- _Work instruction_
Every line from the one with "The Sphinx Necklace" to the end of the listing, and nothing else, is to be printed exactly; please leave the pictures out.

- _Recorded information_
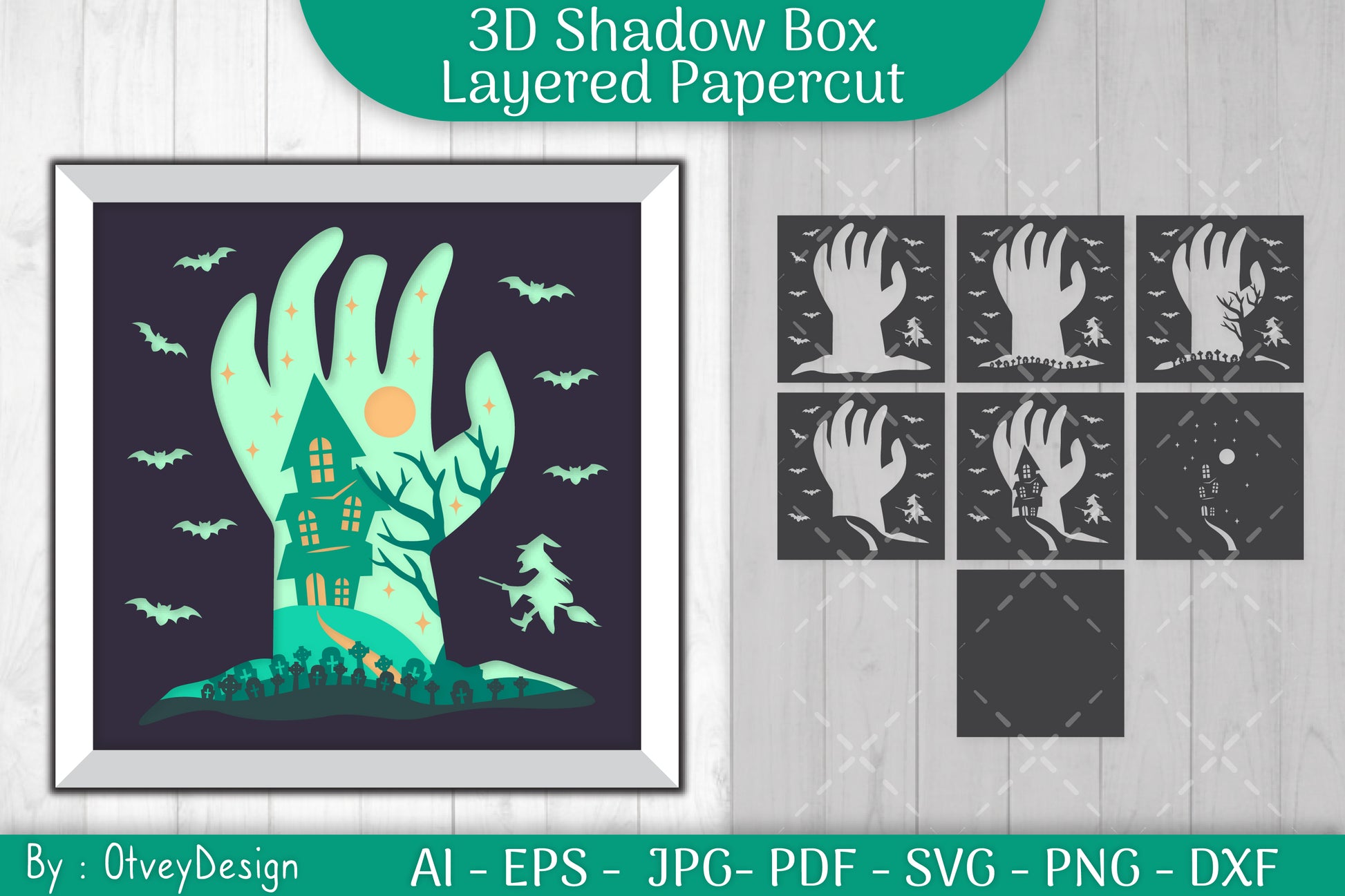 Unleash your creativity with the 3D Halloween Scene Hand Shadow Box SVG Bundle. Perfect for crafting spooky, intricate designs, this bundle is ideal for Halloween decorations and DIY projects. Transform your space with layered shadow boxes featuring ghosts, pumpkins, and haunted houses. Easy to use and perfect for crafters of all levels.
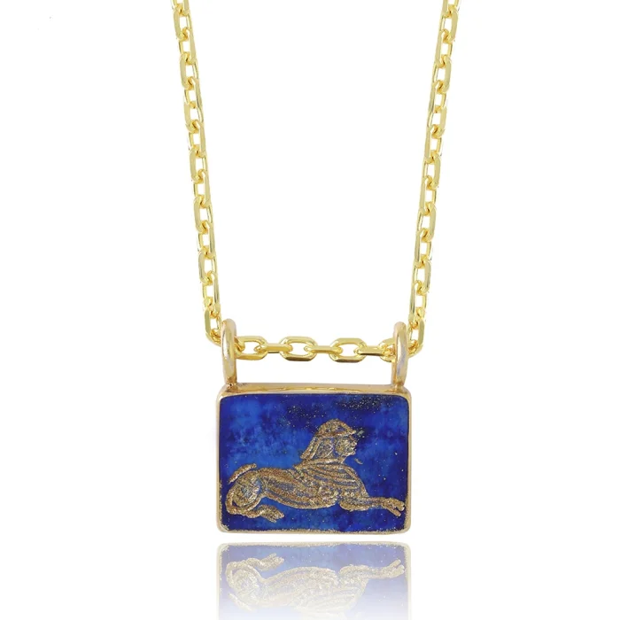 The Sphinx Necklace is a hand-carved lapis lazuli gemstone shaped with 22K Gold Vermeil. The carving on the gemstone is a drawing of the ancient Egyptian mythological creature SPHINX, with a human head, a lion's body, and falcon wings. In Egyptian culture, the Sphinx was decorated and symbolized by royalty, sacred status, and the sun god, the Sun God, Horemakhet, or the Horizon Horus. To complement the craftsmanship in the stone, the carvings are decorated with a gold leaf. (Pendant Size: L: 2.2 cm - W: 2.1 cm)
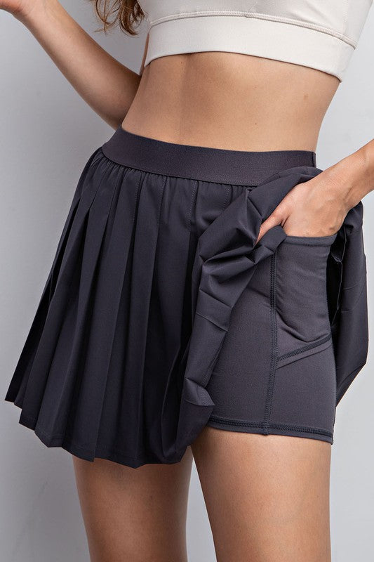 This Stretch Woven Skort Is Made With A Combination Of Our Specialized Butter Soft Fabric For A Flexible Waist And Comfortable Inner Shorts.

- _Solved exercise_
 The Sphinx Necklace is a hand-carved lapis lazuli gemstone shaped with 22K Gold Vermeil. The carving on the gemstone is a drawing of the ancient Egyptian mythological creature SPHINX, with a human head, a lion's body, and falcon wings. In Egyptian culture, the Sphinx was decorated and symbolized by royalty, sacred status, and the sun god, the Sun God, Horemakhet, or the Horizon Horus. To complement the craftsmanship in the stone, the carvings are decorated with a gold leaf. (Pendant Size: L: 2.2 cm - W: 2.1 cm)
 This Stretch Woven Skort Is Made With A Combination Of Our Specialized Butter Soft Fabric For A Flexible Waist And Comfortable Inner Shorts.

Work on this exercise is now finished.